Okay? There are a number of different safeties and controls on the boiler designed to protect it, prevent it from exploding, and, thus, bringing the building right down to the foundation. Okay? If you want to see some of that, look around YouTube for exploding boilers, alright? Then, also dry-firing and cracking the boiler which is the most common. So this is what happens. The customer, Mr. Good Intention, comes in, and the boiler's not firing, and he can't figure out why, so he does something like jump out a cable or jump out a wire on the boiler and, lo and behold, the boiler fires. What Mr. Customer doesn't know is the boiler has no water in it. None, not a drop, okay? It's shut off to protect it from firing. The boiler doesn't want to fire with no water in it.

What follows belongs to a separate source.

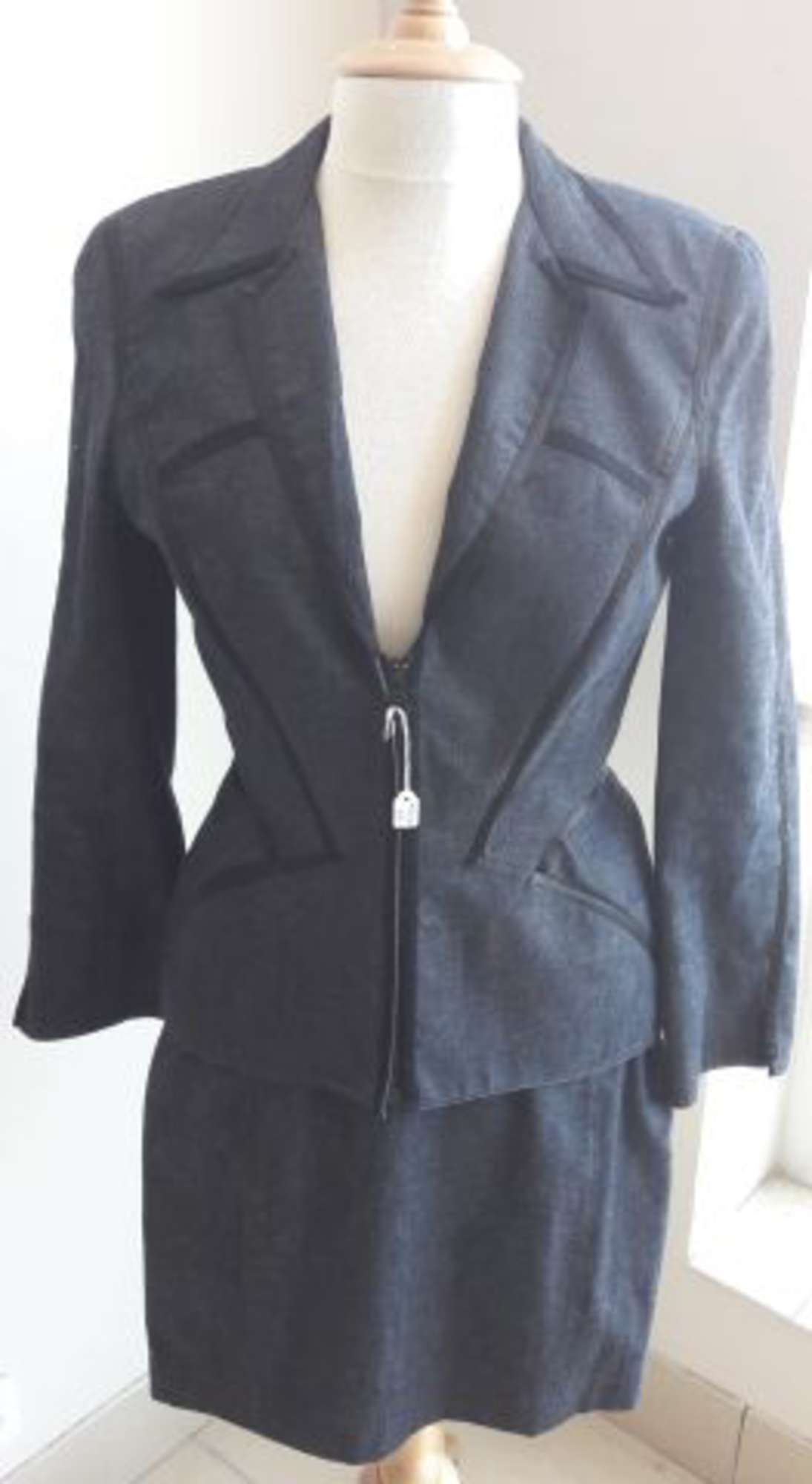 THIERRY MUGLER - Tailleur sport Vintage en coton denim à décor géométrique galonné T.40

So what happens is we super-heat this cast iron block. Now, you can only imagine the cost of some of these boilers. You've seen them in the larger buildings, let's say the Trump Plaza or something like that, the boiler's the size of a small yacht. Alright? It dry fires. This cast iron, which is a brittle metal, gets red-hot, glowing hot, and then water rushes in and hits that cast iron, and it cracks right in half, splits right down the middle. Whole boiler's gone, okay? These are not things to play with, folks. Just leave the boiler alone. If it fails, unless you're a boiler man or a plumber, call one of us, and we'll come take care of it and fix it for you.